If a user has 10 requests, I only want the tags from those 10 ASINs to be listed and counted. In my mind, this should use tags.idx_ASIN and should lookup 100 rows (10 ASINs, each with max of 10 tags) at most from the tags table.
I'm missing something...I just can't see what.
EDIT:
requests CREATE TABLE:
CREATE TABLE IF NOT EXISTS `requests` (
`bid` int(40) NOT NULL AUTO_INCREMENT,
`user_id` int(20) DEFAULT NULL,
`ASIN` varchar(10) COLLATE utf8_unicode_ci DEFAULT NULL,
`status` enum('active','inactive','pending','deleted','completed') COLLATE utf8_unicode_ci NOT NULL,
`added_on` datetime NOT NULL,
`status_changed_on` datetime NOT NULL,
`last_emailed` datetime DEFAULT '0000-00-00 00:00:00',
PRIMARY KEY (`bid`),
KEY `idx_ASIN` (`ASIN`),
KEY `idx_status` (`status`),
KEY `idx_added_on` (`added_on`),
KEY `idx_user_id` (`user_id`),
KEY `idx_status_changed_on` (`status_changed_on`)
) ENGINE=MyISAM DEFAULT CHARSET=utf8 COLLATE=utf8_unicode_ci AUTO_INCREMENT=149380 ;
tags CREATE TABLE
CREATE TABLE IF NOT EXISTS `tags` (
`ASIN` varchar(10) NOT NULL,
`tag` varchar(50) NOT NULL,
`updated_on` datetime NOT NULL,
KEY `idx_tag` (`tag`),
KEY `idx_updated_on` (`updated_on`),
KEY `idx_asin` (`ASIN`)
) ENGINE=MyISAM DEFAULT CHARSET=latin1;
There is no primary key on tags. I don't usually have tables without primary keys, but didn't see the need on this one.
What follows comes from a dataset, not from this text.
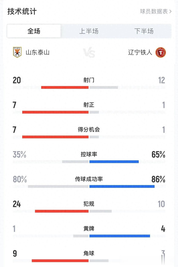 山东泰山队主场3:0校服辽宁铁东谈主,从比分上看是个大比分,但形状并不占优,控球率35%对65%。

Could this be an issue?
AHA! Different charsets and collations. I shall correct that and try again!
Later:
That got it. Query went down from 10secs to 0.006secs. Thanks to everyone for getting me to look at this differently.
MySQL doesn't index subqueries. If you want indexes to improve performance of your queries, rewrite them to not use subqueries.
Try reversing the order of the tables in your original query:
SELECT tag, count(tag) AS total
FROM requests
INNER JOIN tags ON requests.ASIN=tags.ASIN
WHERE user_id=9
GROUP BY tag
ORDER BY total DESC
AHA! Different charsets and collations. I shall correct that and try again!
Later:
That got it. Query went down from 10secs to 0.006secs. Thanks to everyone for getting me to look at this differently.